▸ HOW TO COMPLETE THIS TASK
All of the data is to be printed exactly, though the images must be left off.

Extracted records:
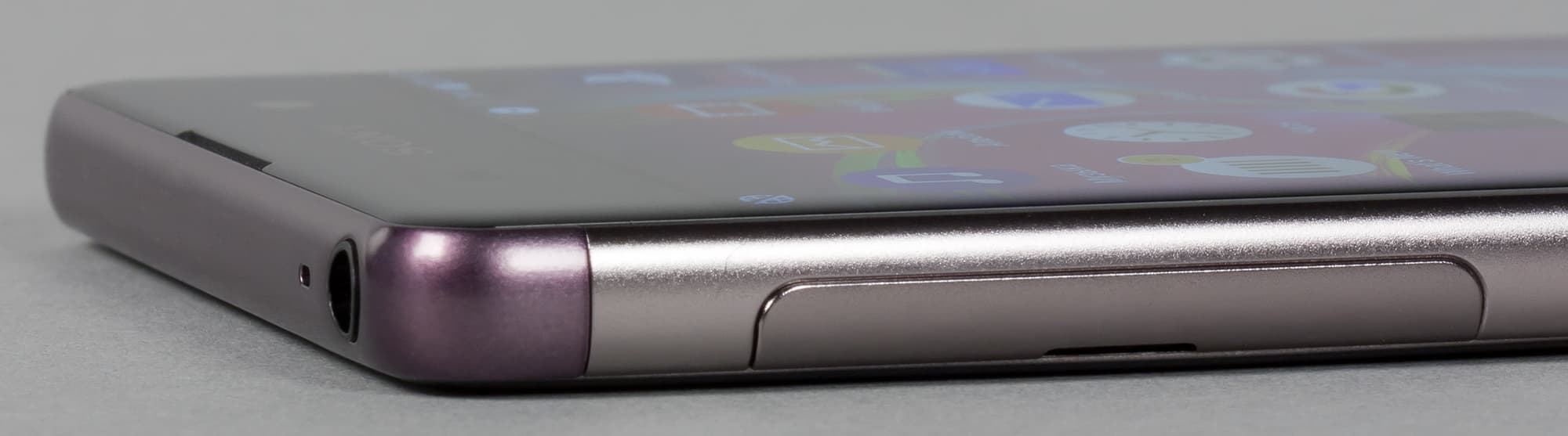 Механические кнопки разместились на противоположной, правой боковой грани корпуса. В отличие от старших моделей, здесь нет вписанного в кнопку питания сканера отпечатков пальцев. Да и сама кнопка по форме другая: она не вытянутая, а круглая, как в прошлых моделях Xperia Z еще до появления в них дактилоскопических датчиков.
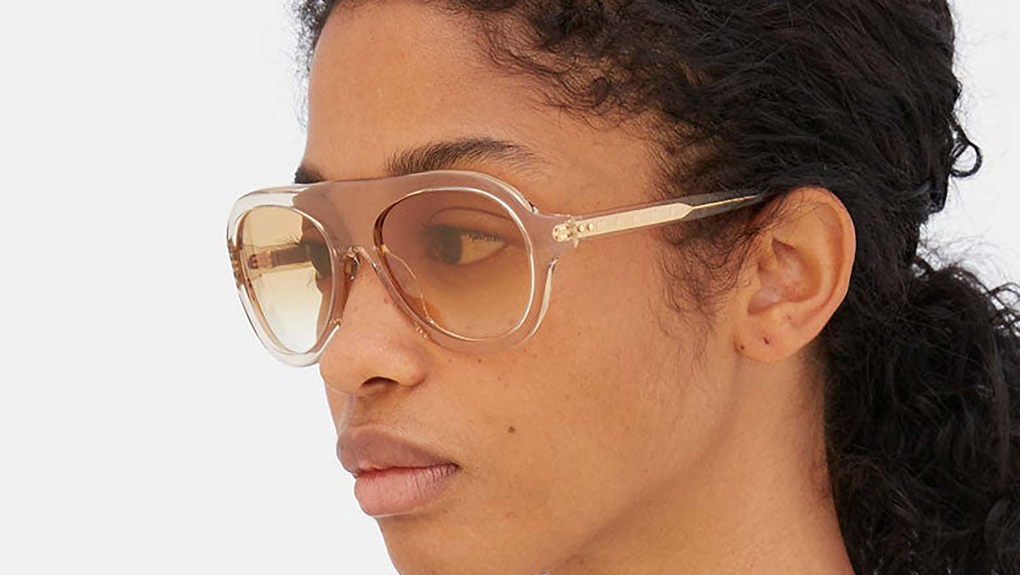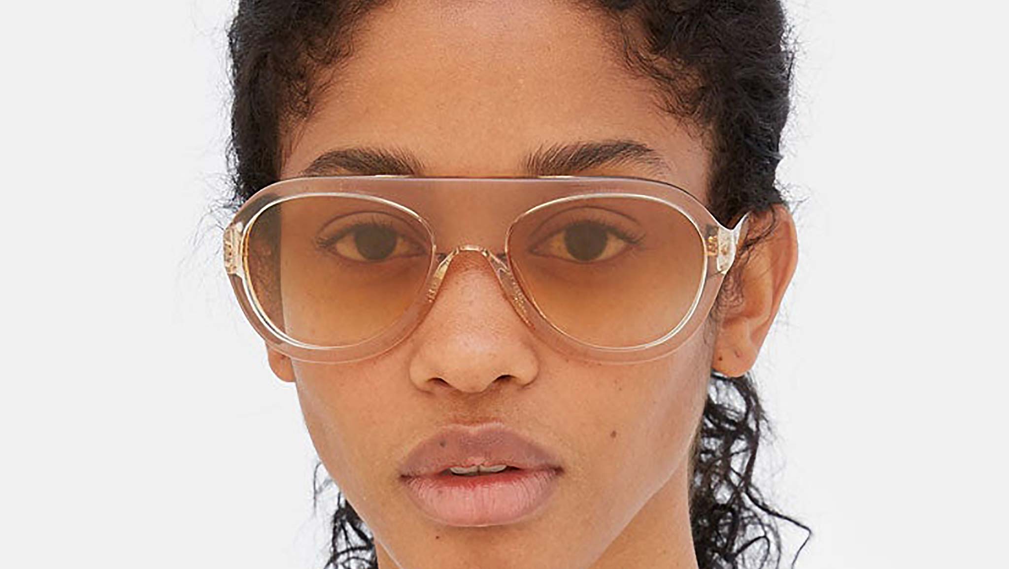 Low bridge fit. Mount Toc is a bold interpretation of classic aviator-style designs. In true Marni fashion, this timeless design was updated with bold geometries and quirky detailing, for an aesthetics that references 1970s sportswear glamour. Its broad structure features a sturdy nose-bridge and pear-shape lenses encased within chunky acetate rims. A unique detail: wrap-around temple design. This model comes in a crystal resin acetate with light tinted lenses. Sizes: R / R Lens Width: Frame Front: Frame Side: Product Code Size R: 05P Product Code Size R: TR9
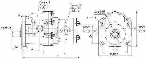 Насос предназначен для подачи рабочей жидкости (минеральное масло) в исполнительные органы гидросистем тракторов, автомобилей и других машин. Применяются в гидросистемах с несколькими (по числу секций) исполнительными органами. Частота вращения приводного вала определяется по секции с минимальной частотой вращения.
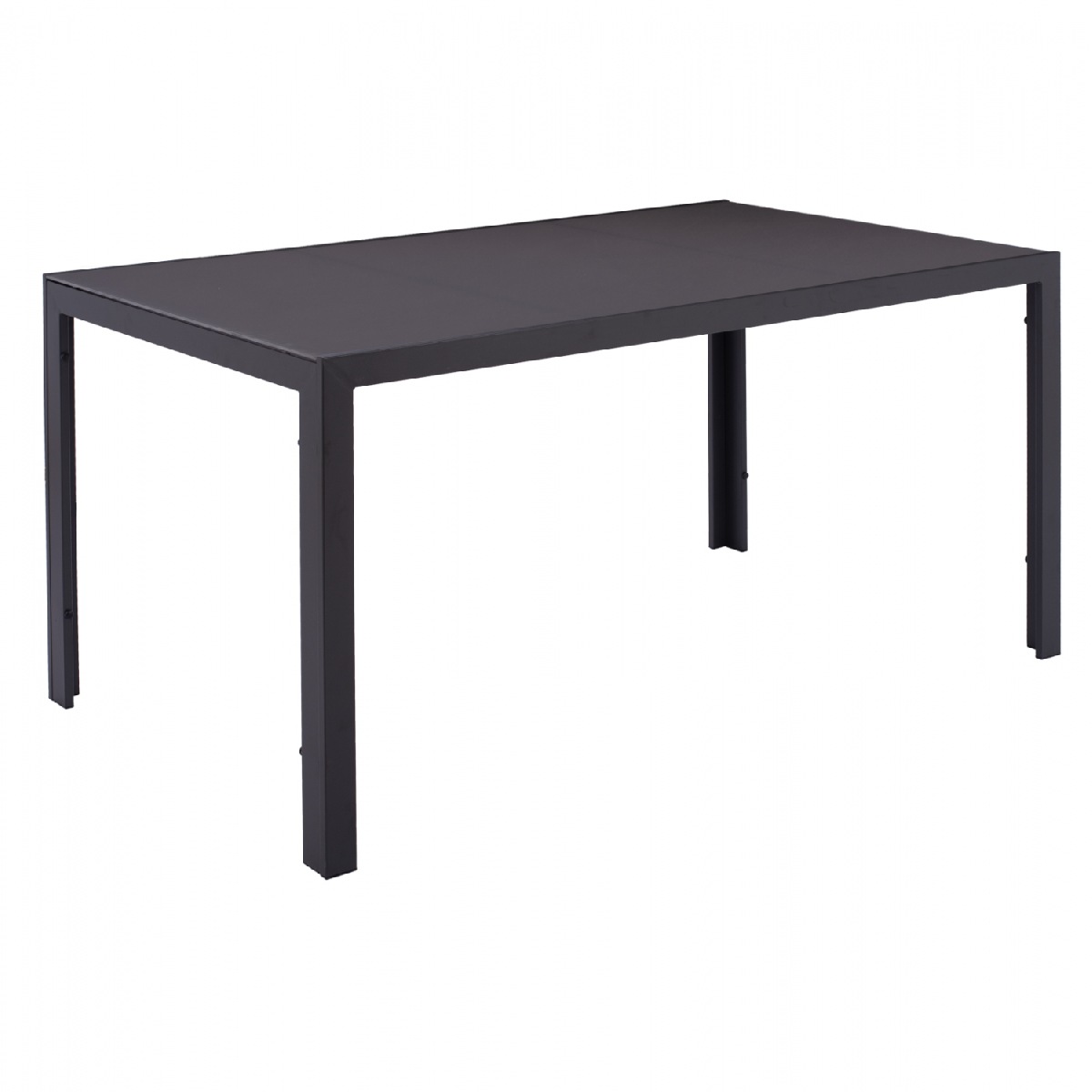 Τραπέζι εξωτερικού χώρου μεταλλικό σε γκρι απόχρωση με γυαλί στην επιφάνειά του.
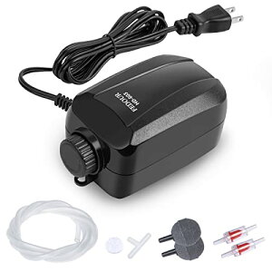 FEDOUR 2つ吐出口の静かな水槽エアーポンプ 4W可調節 水槽に酸素提供 アクセサリー付きエアポンプ 黒色
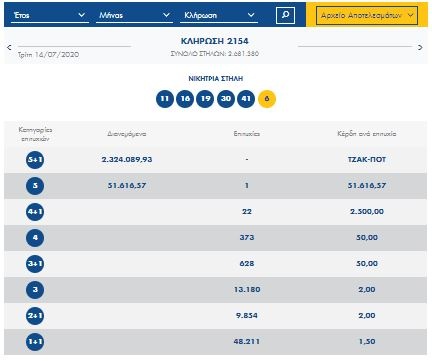 Υπενθυμίζεται ότι χθες, οι τυχεροί αριθμοί που ανέδειξε η κληρωτίδα ήταν οι: 11, 16, 19, 30, 41 και Τζόκερ ο αριθμός 6.
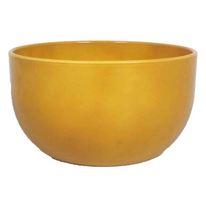 Plant bowl TEHERAN TOWER made of ceramic in colour ocher yellow with a diameter of approx. 10"/26 cm and a height of approx. 5.5"/14 cm.
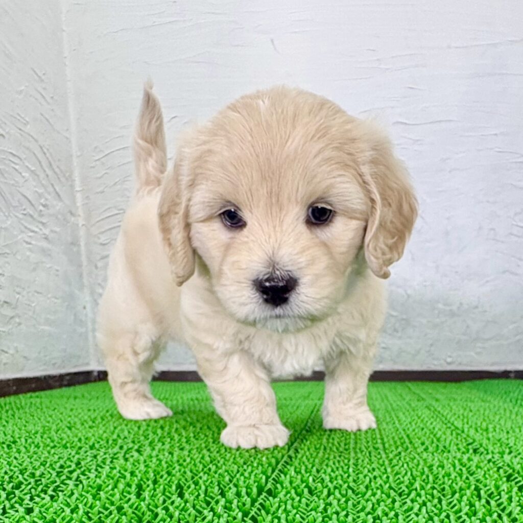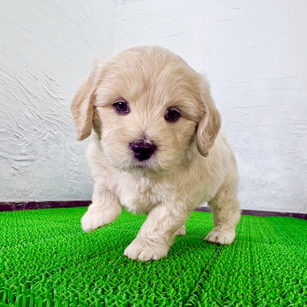 やわらかなクリームカラーがふんわりと優しい印象を与える、スタンプー×キャバシーズーの男の子です。
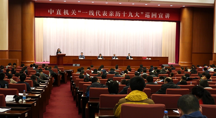 11月14日,中直機關(guān)“一線代表親歷十九大”巡回宣講首場報告會在北京全國政協(xié)機關(guān)會議樓舉行。新華網(wǎng) 聶晨靜 攝
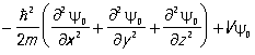 Стационарное уравнение Шрёдингера. Волны де Бройля описывают состояние частицы только в случае свободного движения. Если на частицу действует поле сил с потенциальной энергией V (называемой также потенциалом), зависящей от координат частицы, то волновая функция частицы y определяется дифференциальным уравнением, которое получается путём следующего обобщения гипотезы де Бройля. Для случая, когда движение частицы с заданной энергией E происходит в одном измерении (вдоль оси х), уравнение,. которому удовлетворяет волна де Бройля (5), может быть записано в виде:
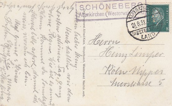 Landpoststempel Schöneberg Altenkirchen Westerwald AK Niederölfen 1931
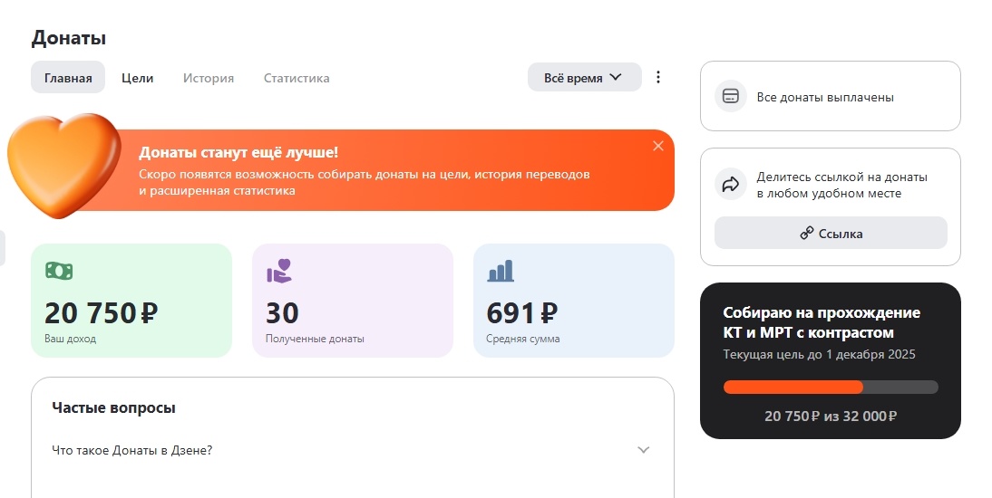 Это я про донаты. 30 человек помогли мне со сбором на необходимые обследования, и я бесконечно благодарна всем участникам! Сердечки - потому, что каждый из вас поддержал меня от чистого сердца, а еще, потому что у Дзена знак доната - это сердечко на ладошке. Сбор на КТ и МРТ был до 1 декабря. КТ я уже сделала, опубликовала отчет и результаты. На сегодняшний день, 1 декабря, сбор выглядит вот таким образом - на скрине. Сумма собранная - 20750 минус 10%, которые берет себе Дзен, итого - 18675 рублей. От 18675 отнимаем сумму, потраченную на КТ (14250) = 4425 рублей. Сегодня не записываюсь, так как после похорон я все же заболела, может вирус, может промерзла на ветру. Ну, главное, кажется, сегодня уже переломный момент на выздоровление. Надеюсь, через пару дней буду уже в строю. Прием онколога в ЦАОП у меня 22 декабря, я как раз успеваю все сделать - и МРТ, и повторный онкомаркер. Еще надо наконец-то забрать из поликлиники свое направление по 057 на "колону" и фгдс в экспертную клинику

▸ OUTPUT OF THE TASK
 Механические кнопки разместились на противоположной, правой боковой грани корпуса. В отличие от старших моделей, здесь нет вписанного в кнопку питания сканера отпечатков пальцев. Да и сама кнопка по форме другая: она не вытянутая, а круглая, как в прошлых моделях Xperia Z еще до появления в них дактилоскопических датчиков.
 Low bridge fit. Mount Toc is a bold interpretation of classic aviator-style designs. In true Marni fashion, this timeless design was updated with bold geometries and quirky detailing, for an aesthetics that references 1970s sportswear glamour. Its broad structure features a sturdy nose-bridge and pear-shape lenses encased within chunky acetate rims. A unique detail: wrap-around temple design. This model comes in a crystal resin acetate with light tinted lenses. Sizes: R / R Lens Width: Frame Front: Frame Side: Product Code Size R: 05P Product Code Size R: TR9
 Насос предназначен для подачи рабочей жидкости (минеральное масло) в исполнительные органы гидросистем тракторов, автомобилей и других машин. Применяются в гидросистемах с несколькими (по числу секций) исполнительными органами. Частота вращения приводного вала определяется по секции с минимальной частотой вращения.
 Τραπέζι εξωτερικού χώρου μεταλλικό σε γκρι απόχρωση με γυαλί στην επιφάνειά του.
 FEDOUR 2つ吐出口の静かな水槽エアーポンプ 4W可調節 水槽に酸素提供 アクセサリー付きエアポンプ 黒色
 Υπενθυμίζεται ότι χθες, οι τυχεροί αριθμοί που ανέδειξε η κληρωτίδα ήταν οι: 11, 16, 19, 30, 41 και Τζόκερ ο αριθμός 6.
 Plant bowl TEHERAN TOWER made of ceramic in colour ocher yellow with a diameter of approx. 10"/26 cm and a height of approx. 5.5"/14 cm.
 やわらかなクリームカラーがふんわりと優しい印象を与える、スタンプー×キャバシーズーの男の子です。
 11月14日,中直機關(guān)“一線代表親歷十九大”巡回宣講首場報告會在北京全國政協(xié)機關(guān)會議樓舉行。新華網(wǎng) 聶晨靜 攝
 Стационарное уравнение Шрёдингера. Волны де Бройля описывают состояние частицы только в случае свободного движения. Если на частицу действует поле сил с потенциальной энергией V (называемой также потенциалом), зависящей от координат частицы, то волновая функция частицы y определяется дифференциальным уравнением, которое получается путём следующего обобщения гипотезы де Бройля. Для случая, когда движение частицы с заданной энергией E происходит в одном измерении (вдоль оси х), уравнение,. которому удовлетворяет волна де Бройля (5), может быть записано в виде:
 Landpoststempel Schöneberg Altenkirchen Westerwald AK Niederölfen 1931
 Это я про донаты. 30 человек помогли мне со сбором на необходимые обследования, и я бесконечно благодарна всем участникам! Сердечки - потому, что каждый из вас поддержал меня от чистого сердца, а еще, потому что у Дзена знак доната - это сердечко на ладошке. Сбор на КТ и МРТ был до 1 декабря. КТ я уже сделала, опубликовала отчет и результаты. На сегодняшний день, 1 декабря, сбор выглядит вот таким образом - на скрине. Сумма собранная - 20750 минус 10%, которые берет себе Дзен, итого - 18675 рублей. От 18675 отнимаем сумму, потраченную на КТ (14250) = 4425 рублей. Сегодня не записываюсь, так как после похорон я все же заболела, может вирус, может промерзла на ветру. Ну, главное, кажется, сегодня уже переломный момент на выздоровление. Надеюсь, через пару дней буду уже в строю. Прием онколога в ЦАОП у меня 22 декабря, я как раз успеваю все сделать - и МРТ, и повторный онкомаркер. Еще надо наконец-то забрать из поликлиники свое направление по 057 на "колону" и фгдс в экспертную клинику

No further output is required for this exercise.